▸ Supplied material
*** Block opens ***

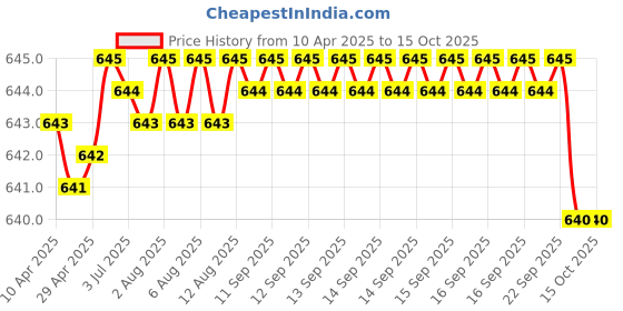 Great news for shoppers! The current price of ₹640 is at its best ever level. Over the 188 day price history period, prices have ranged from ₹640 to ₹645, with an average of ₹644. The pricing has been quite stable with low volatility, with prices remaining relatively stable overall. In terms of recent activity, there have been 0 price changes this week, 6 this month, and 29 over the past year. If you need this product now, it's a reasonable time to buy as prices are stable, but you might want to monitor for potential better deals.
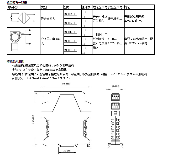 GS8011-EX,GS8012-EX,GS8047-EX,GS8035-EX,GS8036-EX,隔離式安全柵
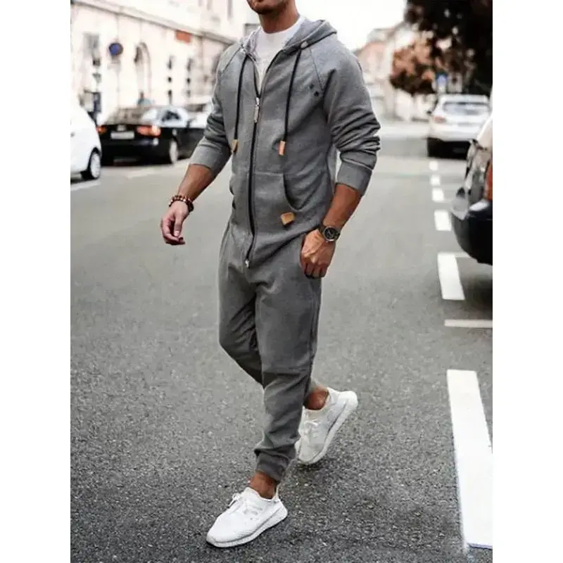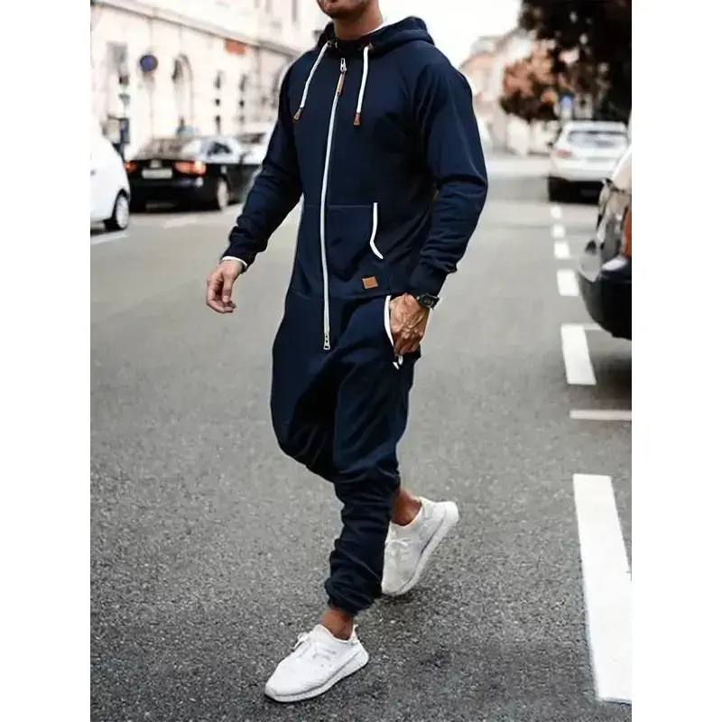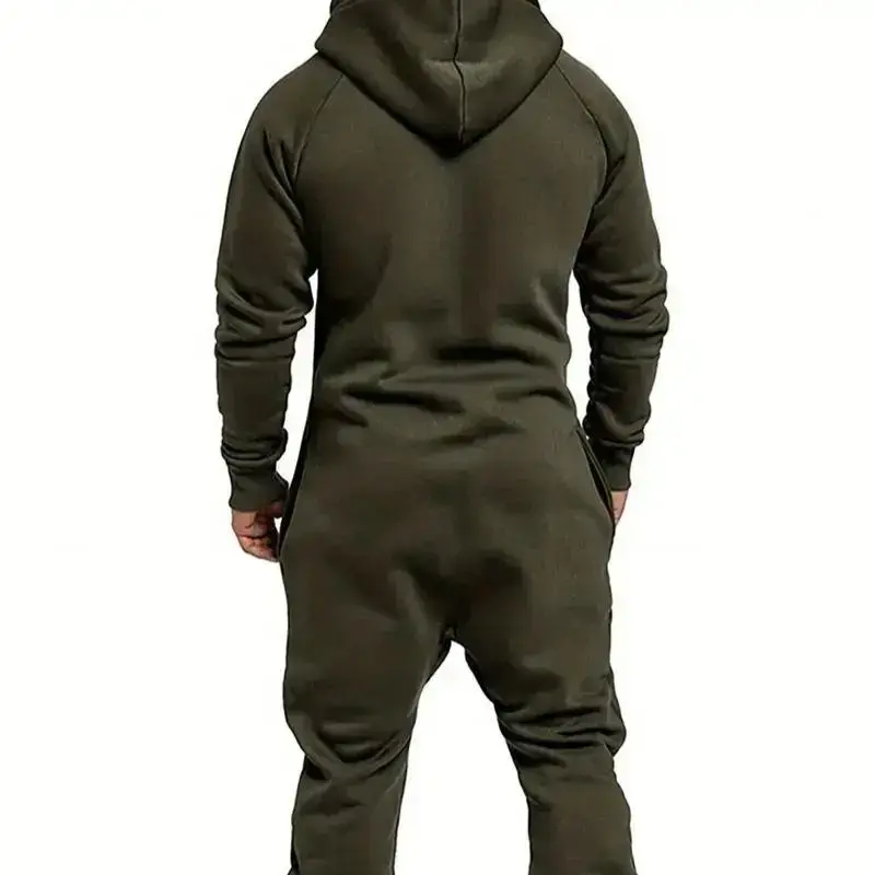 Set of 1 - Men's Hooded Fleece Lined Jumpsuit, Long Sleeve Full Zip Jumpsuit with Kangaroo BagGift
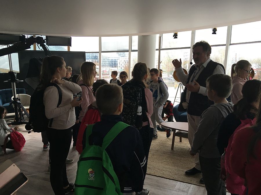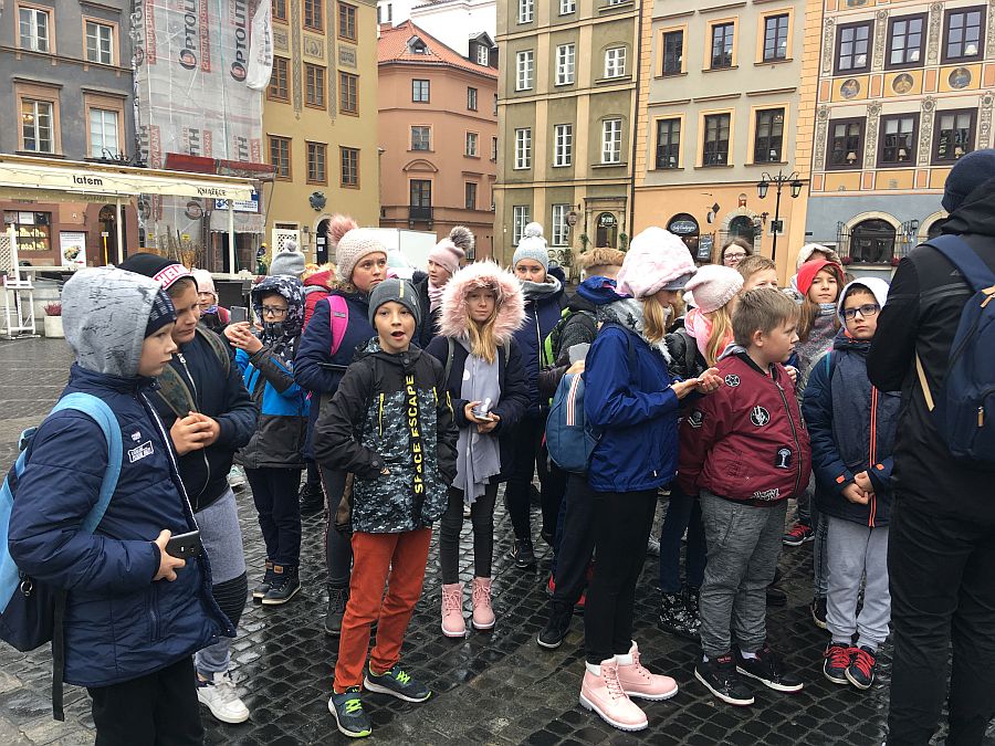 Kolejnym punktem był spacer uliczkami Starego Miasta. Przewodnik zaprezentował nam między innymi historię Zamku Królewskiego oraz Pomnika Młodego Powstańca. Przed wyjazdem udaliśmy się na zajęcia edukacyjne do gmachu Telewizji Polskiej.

*** Block closes ***
*** Block opens ***

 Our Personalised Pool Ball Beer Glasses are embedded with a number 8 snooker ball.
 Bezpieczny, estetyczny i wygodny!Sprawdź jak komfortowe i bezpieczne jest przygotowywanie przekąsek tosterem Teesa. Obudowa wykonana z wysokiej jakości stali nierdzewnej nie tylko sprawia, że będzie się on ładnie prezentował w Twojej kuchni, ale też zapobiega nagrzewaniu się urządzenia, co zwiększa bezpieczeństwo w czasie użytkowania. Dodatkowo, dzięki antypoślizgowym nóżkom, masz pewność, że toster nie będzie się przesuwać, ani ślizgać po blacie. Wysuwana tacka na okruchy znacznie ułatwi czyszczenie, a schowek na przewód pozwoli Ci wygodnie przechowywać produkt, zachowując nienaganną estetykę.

*** Block closes ***
*** Block opens ***

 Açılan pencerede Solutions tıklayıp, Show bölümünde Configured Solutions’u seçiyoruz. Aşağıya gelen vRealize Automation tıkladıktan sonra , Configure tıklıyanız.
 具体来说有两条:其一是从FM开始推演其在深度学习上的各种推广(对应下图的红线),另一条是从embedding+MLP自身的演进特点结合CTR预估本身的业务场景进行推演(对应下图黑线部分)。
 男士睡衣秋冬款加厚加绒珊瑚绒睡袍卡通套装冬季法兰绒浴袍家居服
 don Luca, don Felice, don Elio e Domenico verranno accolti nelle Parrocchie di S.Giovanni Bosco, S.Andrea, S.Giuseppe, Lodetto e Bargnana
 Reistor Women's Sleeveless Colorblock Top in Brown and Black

*** Block closes ***

▸ Action item
Copy nothing but the lines above from the one with "Set of 1 - Men's" to the one with "Kolejnym punktem był", inclusive, word for word. Leave every picture out.

▸ Answer to the problem
 Set of 1 - Men's Hooded Fleece Lined Jumpsuit, Long Sleeve Full Zip Jumpsuit with Kangaroo BagGift
 Kolejnym punktem był spacer uliczkami Starego Miasta. Przewodnik zaprezentował nam między innymi historię Zamku Królewskiego oraz Pomnika Młodego Powstańca. Przed wyjazdem udaliśmy się na zajęcia edukacyjne do gmachu Telewizji Polskiej.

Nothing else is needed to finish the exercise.